Tork is a highly-scalable, general-purpose workflow engine. It lets you define jobs consisting of multiple tasks, each running inside its own container. You can run Tork on a single machine (standalone mode) or set it up in a distributed environment with multiple workers.

Features

tork CLI

REST API – Submit jobs, query status, cancel/restart
Horizontally scalable – Add workers to handle more tasks
Task isolation – Tasks run in containers for isolation, idempotency, and resource limits
Automatic recovery – Tasks are recovered if a worker crashes
Stand-alone and distributed – Run all-in-one or distributed with Coordinator + Workers
Retry failed tasks – Configurable retry with backoff
Middleware – HTTP, Job, Task, Node middleware for auth, logging, metrics
No single point of failure – Stateless, leaderless coordinators
Task timeout – Timeout per task
Full-text search – Search jobs via the API
Runtime agnostic – Docker, Podman, Shell
Webhooks – Notify on job/task state changes
Pre/Post tasks – Pre/Post tasks for setup/teardown
Expression language – Expressions for conditionals and dynamic values
Conditional tasks – Run tasks based on if conditions
Parallel tasks – Parallel Task
Each task – Each Task for looping
Subjob task – Sub-Job Task
Task priority – Priority (0–9)
Secrets – Secrets with auto-redaction
Scheduled jobs – Scheduled jobs with cron
Web UI – Tork Web for viewing and submitting jobs

Quick Start

Requirements

A recent version of Docker.
The Tork binary from the releases page.

Set up PostgreSQL

Start a PostgreSQL container:

Note: For production, consider a managed PostgreSQL service for better reliability and maintenance.

docker run -d \
  --name tork-postgres \
  -p 5432:5432 \
  -e POSTGRES_PASSWORD=tork \
  -e POSTGRES_USER=tork \
  -e PGDATA=/var/lib/postgresql/data/pgdata \
  -e POSTGRES_DB=tork postgres:15.3

Run the migration to create the database schema:

TORK_DATASTORE_TYPE=postgres ./tork migration

Hello World

Start Tork in standalone mode:

./tork run standalone

Create hello.yaml:

# hello.yaml
---
name: hello job
tasks:
  - name: say hello
    image: ubuntu:mantic
    run: |
      echo -n hello world
  - name: say goodbye
    image: alpine:latest
    run: |
      echo -n bye world

Submit the job:

JOB_ID=$(curl -s -X POST --data-binary @hello.yaml \
  -H "Content-type: text/yaml" http://localhost:8000/jobs | jq -r .id)

Check status:

curl -s http://localhost:8000/jobs/$JOB_ID

{
  "id": "ed0dba93d262492b8cf26e6c1c4f1c98",
  "state": "COMPLETED",
  ...
}

Running in distributed mode

In distributed mode, the Coordinator schedules work and Workers execute tasks.
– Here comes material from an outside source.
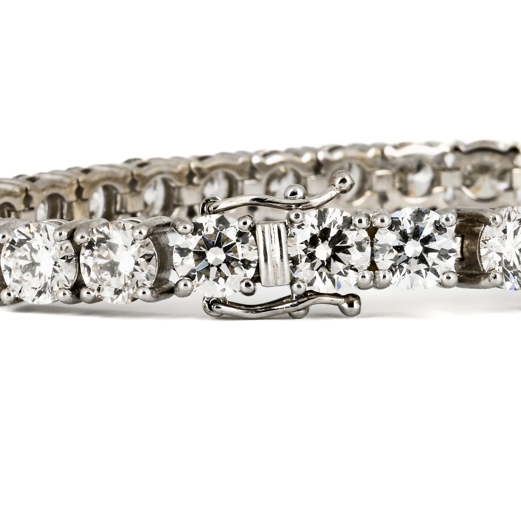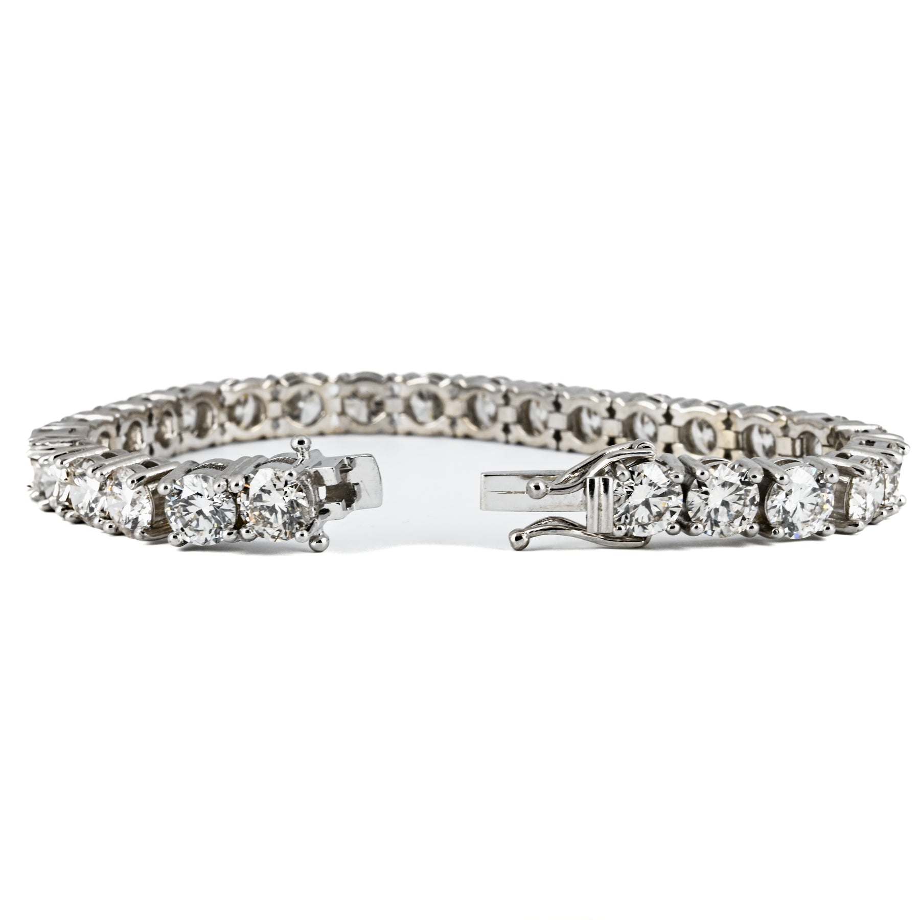 The 28.75ctw Lab-Grown Round Diamond Tennis Bracelet in 14K White Gold features an exquisite row of brilliant round diamonds with K-L color and VS-SI clarity. Measuring 7.5 inches in length, this bracelet is a statement of elegance and sophistication. Regular retail price: $30,000. Available at Buchroeders Jewelers.
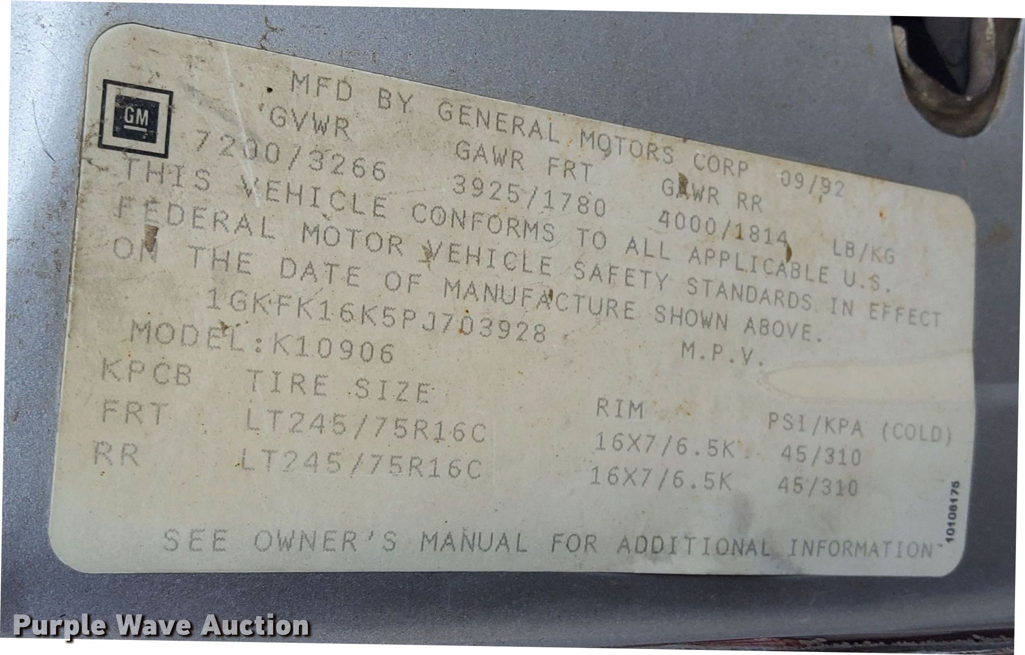 Purple Wave is selling a used Passenger Vehicle in Colorado. This item is a 1993 GMC Suburban 1500 SLE SUV with the following: Miles: 257,333 on odometer, VIN: 1GKFK16K5PJ703928

A message broker (e.g. RabbitMQ) moves tasks between them.

Start RabbitMQ:

docker run \
  -d -p 5672:5672 -p 15672:15672 \
  --name=tork-rabbitmq \
  rabbitmq:3-management

Note: For production, consider a dedicated RabbitMQ service.

Run the coordinator:

TORK_DATASTORE_TYPE=postgres TORK_BROKER_TYPE=rabbitmq ./tork run coordinator

Run one or more workers:

TORK_BROKER_TYPE=rabbitmq ./tork run worker

Submit the same job as before; the coordinator and workers will process it.

Adding external storage

Tasks are ephemeral; container filesystems are lost when a task ends. To share data between tasks, use an external store (e.g. MinIO/S3).

Start MinIO:

docker run --name=tork-minio \
  -d -p 9000:9000 -p 9001:9001 \
  -e MINIO_ROOT_USER=minioadmin \
  -e MINIO_ROOT_PASSWORD=minioadmin \
  minio/minio server /data \
  --console-address ":9001"

Example job with two tasks (write to MinIO, then read back):

name: stateful example
inputs:
  minio_endpoint: http://host.docker.internal:9000
secrets:
  minio_user: minioadmin
  minio_password: minioadmin
tasks:
  - name: write data to object store
    image: amazon/aws-cli:latest
    env:
      AWS_ACCESS_KEY_ID: "{{ secrets.minio_user }}"
      AWS_SECRET_ACCESS_KEY: "{{ secrets.minio_password }}"
      AWS_ENDPOINT_URL: "{{ inputs.minio_endpoint }}"
      AWS_DEFAULT_REGION: us-east-1
    run: |
      echo "Hello from Tork!" > /tmp/data.txt
      aws s3 mb s3://mybucket
      aws s3 cp /tmp/data.txt s3://mybucket/data.txt

  - name: read data from object store
    image: amazon/aws-cli:latest
    env:
      AWS_ACCESS_KEY_ID: "{{ secrets.minio_user }}"
      AWS_SECRET_ACCESS_KEY: "{{ secrets.minio_password }}"
      AWS_ENDPOINT_URL: "{{ inputs.minio_endpoint }}"
      AWS_DEFAULT_REGION: us-east-1
    run: |
      aws s3 cp s3://mybucket/data.txt /tmp/retrieved.txt
      echo "Contents of retrieved file:"
      cat /tmp/retrieved.txt

Installation

Download the Tork binary for your system from the releases page.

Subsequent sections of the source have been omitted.